## Data in this exercise

☆ ☆ ☆

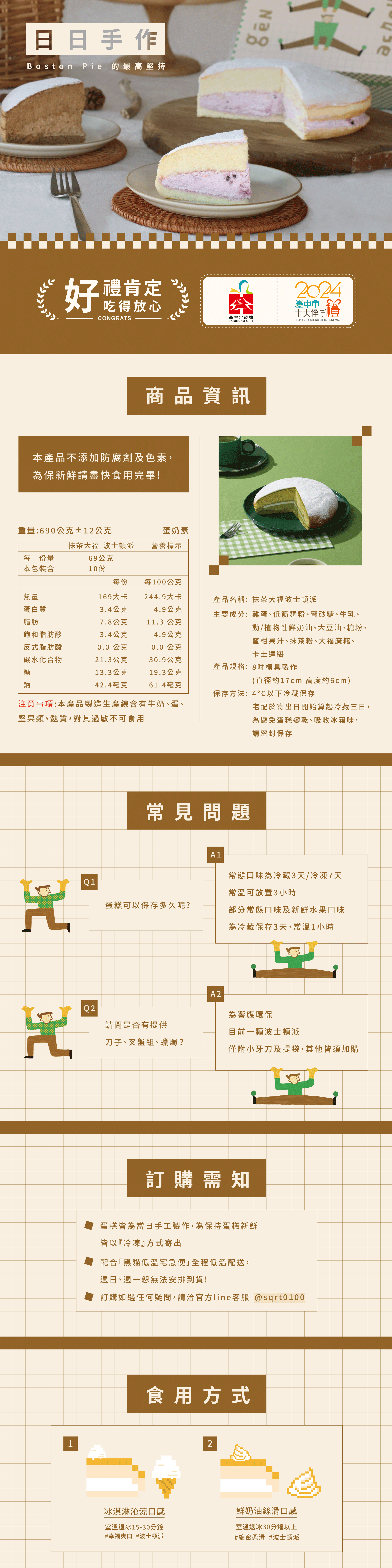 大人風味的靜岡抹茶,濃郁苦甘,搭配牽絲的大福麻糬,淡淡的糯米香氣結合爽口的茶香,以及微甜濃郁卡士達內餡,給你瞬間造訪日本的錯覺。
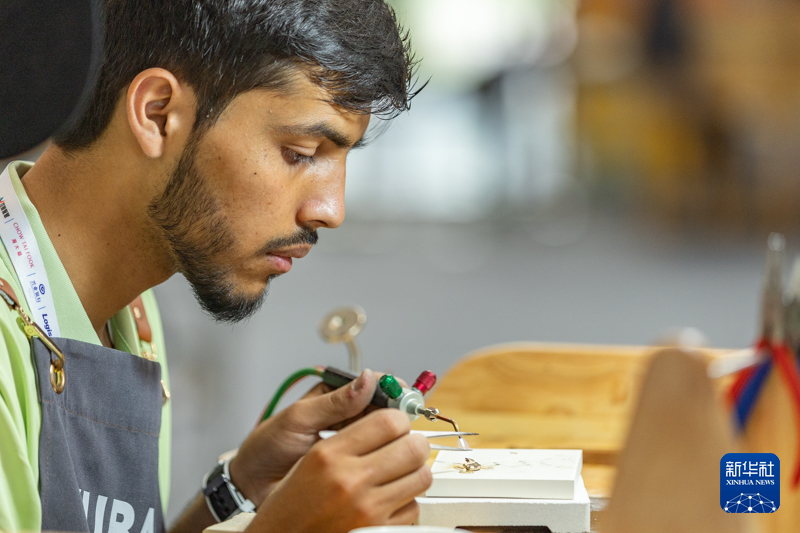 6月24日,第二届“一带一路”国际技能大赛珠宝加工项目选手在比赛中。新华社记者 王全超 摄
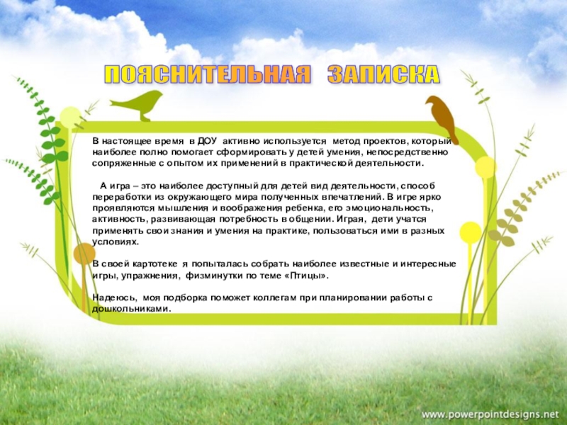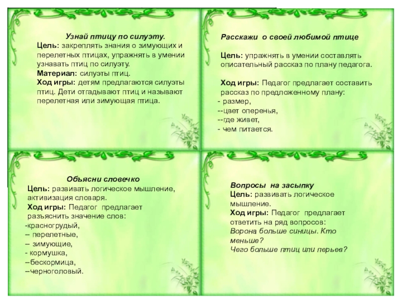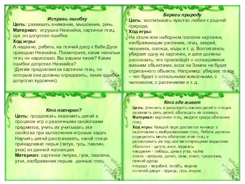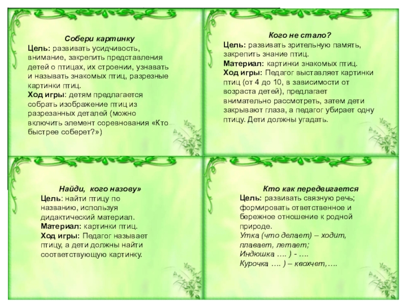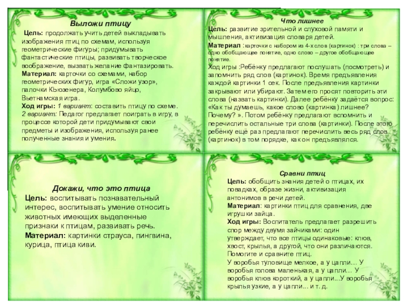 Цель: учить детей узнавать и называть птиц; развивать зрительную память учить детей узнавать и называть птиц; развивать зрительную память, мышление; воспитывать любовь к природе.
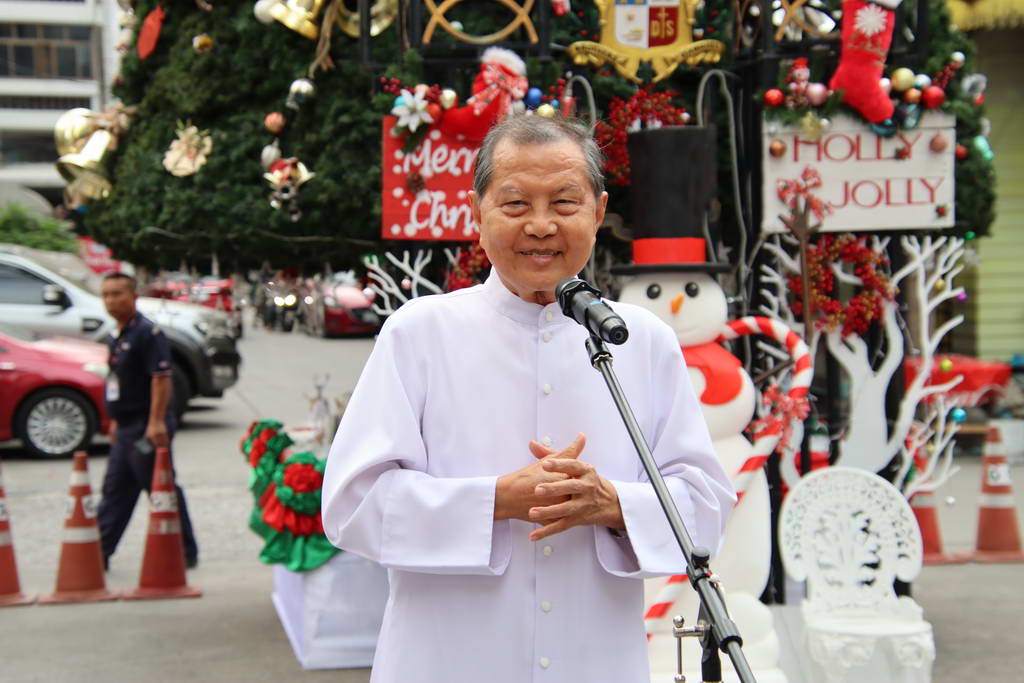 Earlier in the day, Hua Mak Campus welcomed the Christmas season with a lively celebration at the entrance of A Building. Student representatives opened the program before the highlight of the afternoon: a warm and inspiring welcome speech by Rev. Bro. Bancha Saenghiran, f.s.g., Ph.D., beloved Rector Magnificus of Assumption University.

☆ ☆ ☆

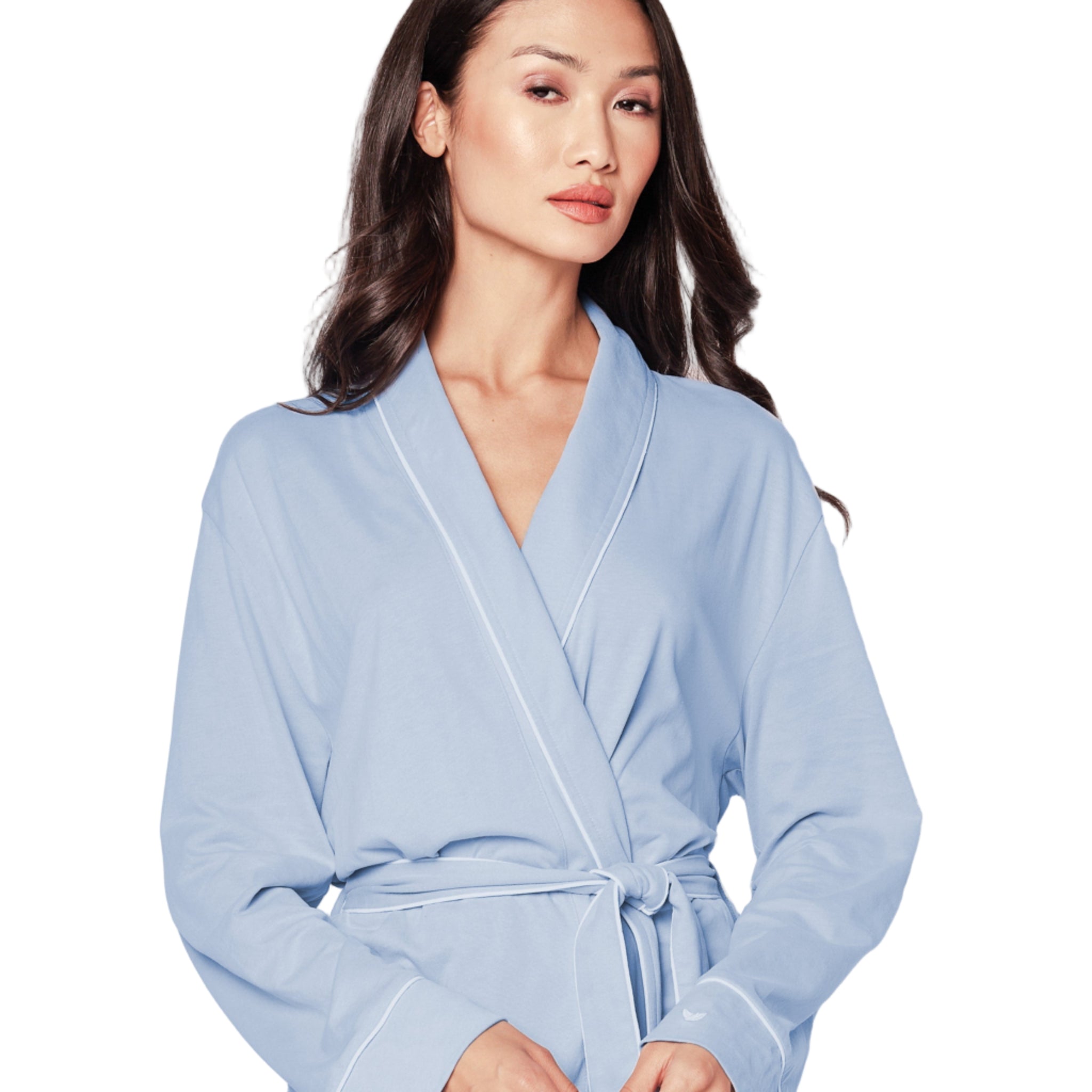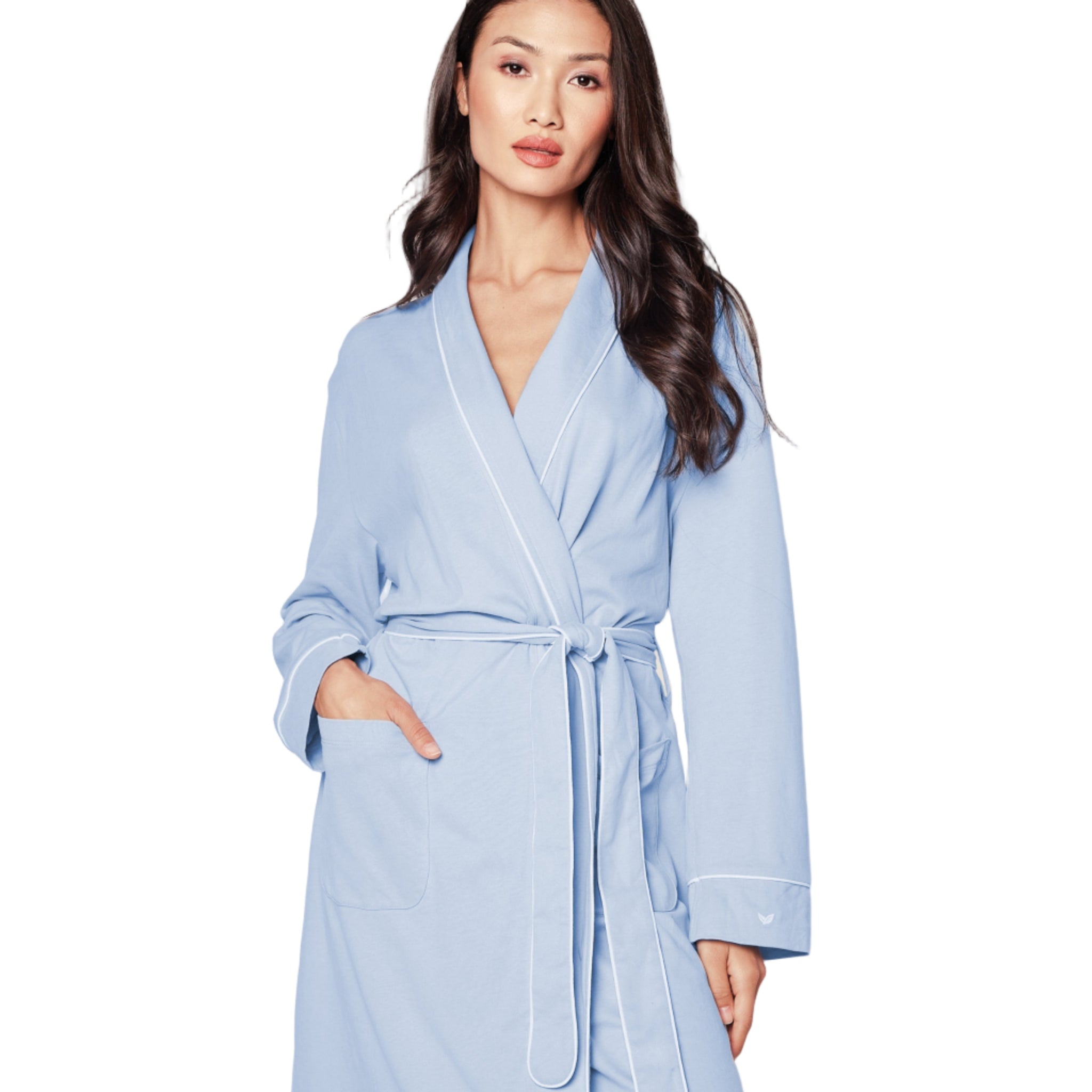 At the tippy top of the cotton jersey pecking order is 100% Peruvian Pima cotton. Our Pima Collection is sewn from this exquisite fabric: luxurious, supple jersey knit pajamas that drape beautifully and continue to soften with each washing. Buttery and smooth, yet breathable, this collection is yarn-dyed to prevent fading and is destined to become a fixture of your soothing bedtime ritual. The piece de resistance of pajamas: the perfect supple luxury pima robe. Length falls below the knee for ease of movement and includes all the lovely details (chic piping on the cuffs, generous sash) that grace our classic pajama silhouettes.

☆ ☆ ☆

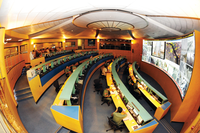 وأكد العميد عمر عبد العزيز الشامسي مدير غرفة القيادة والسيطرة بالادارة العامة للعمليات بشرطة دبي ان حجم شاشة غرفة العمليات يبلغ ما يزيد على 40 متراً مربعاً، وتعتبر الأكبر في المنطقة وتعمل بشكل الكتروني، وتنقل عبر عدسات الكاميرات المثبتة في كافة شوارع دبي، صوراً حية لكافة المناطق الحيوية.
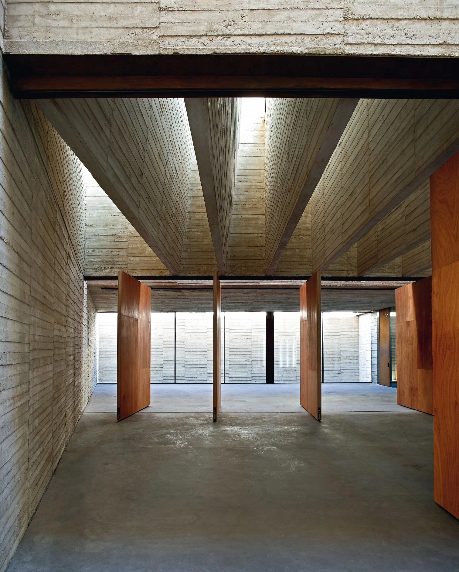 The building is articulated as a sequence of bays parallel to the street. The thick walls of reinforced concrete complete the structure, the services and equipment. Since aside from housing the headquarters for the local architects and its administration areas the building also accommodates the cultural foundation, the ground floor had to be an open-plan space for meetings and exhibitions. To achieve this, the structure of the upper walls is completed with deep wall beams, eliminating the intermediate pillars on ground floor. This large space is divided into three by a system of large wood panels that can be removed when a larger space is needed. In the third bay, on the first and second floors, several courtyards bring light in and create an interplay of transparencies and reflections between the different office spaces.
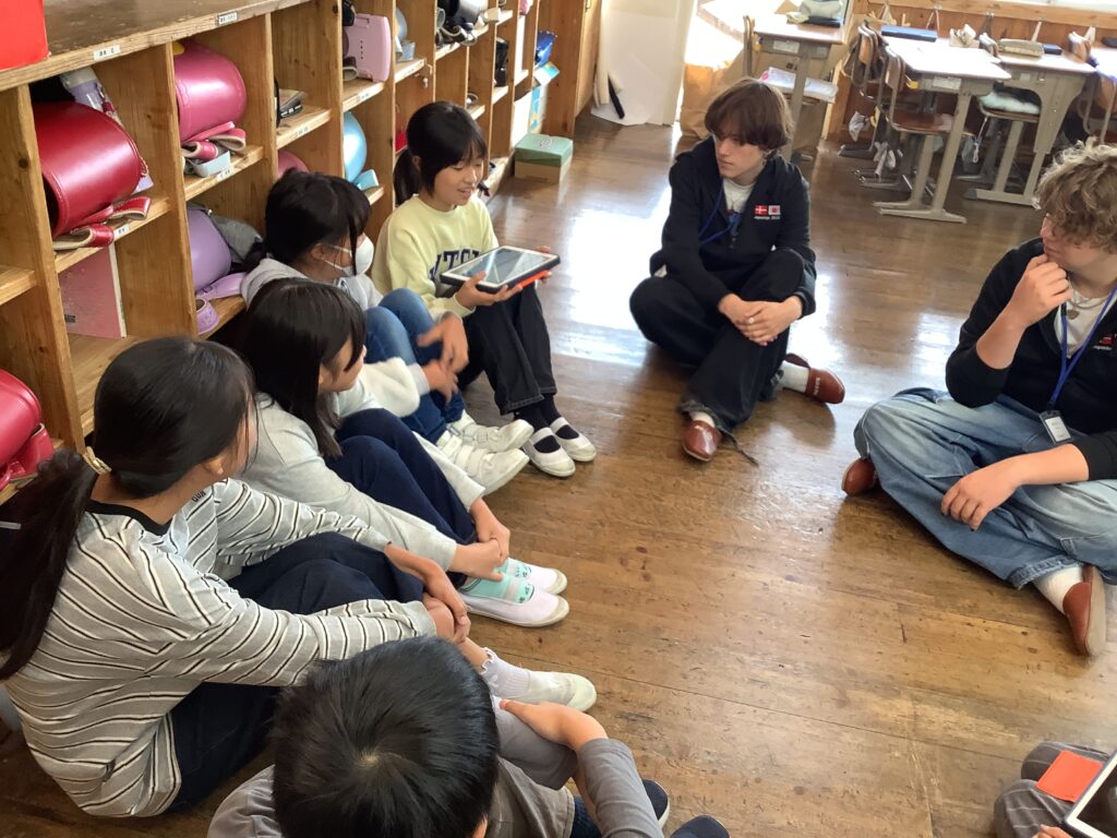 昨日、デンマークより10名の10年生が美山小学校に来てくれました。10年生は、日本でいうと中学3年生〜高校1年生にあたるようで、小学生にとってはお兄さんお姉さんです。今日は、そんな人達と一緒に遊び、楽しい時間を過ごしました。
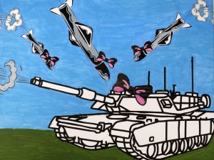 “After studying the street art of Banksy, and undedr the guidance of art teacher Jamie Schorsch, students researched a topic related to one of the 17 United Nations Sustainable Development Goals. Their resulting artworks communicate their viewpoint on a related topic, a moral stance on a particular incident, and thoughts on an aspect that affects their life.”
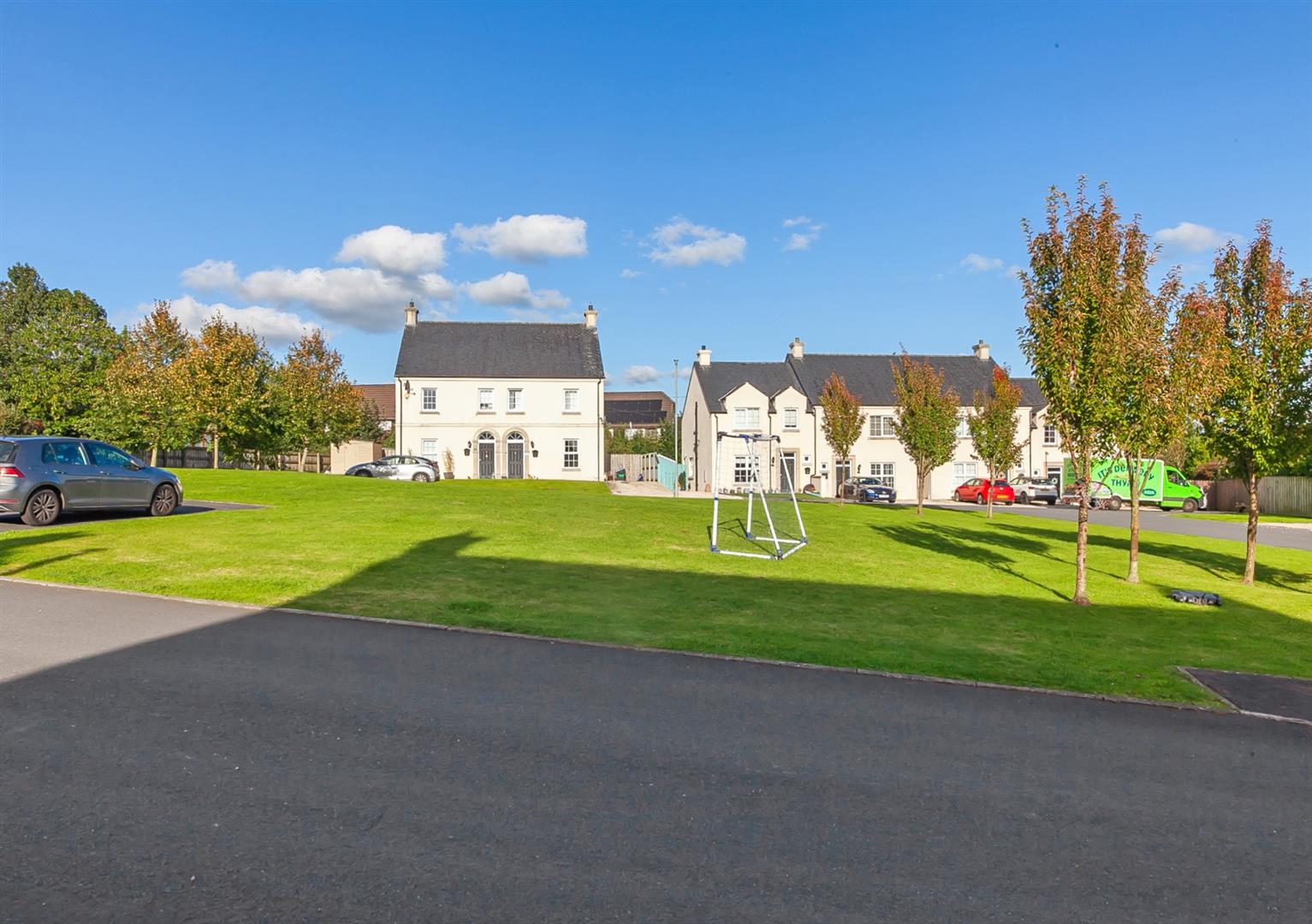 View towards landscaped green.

☆ ☆ ☆

## What you have to do
Within the material above, find the part that opens with the line containing "昨日、デンマークより10名の" and closes with the line containing "View towards landscaped green.", and reproduce it exactly without the pictures.

## Exercise result
 昨日、デンマークより10名の10年生が美山小学校に来てくれました。10年生は、日本でいうと中学3年生〜高校1年生にあたるようで、小学生にとってはお兄さんお姉さんです。今日は、そんな人達と一緒に遊び、楽しい時間を過ごしました。
 “After studying the street art of Banksy, and undedr the guidance of art teacher Jamie Schorsch, students researched a topic related to one of the 17 United Nations Sustainable Development Goals. Their resulting artworks communicate their viewpoint on a related topic, a moral stance on a particular incident, and thoughts on an aspect that affects their life.”
 View towards landscaped green.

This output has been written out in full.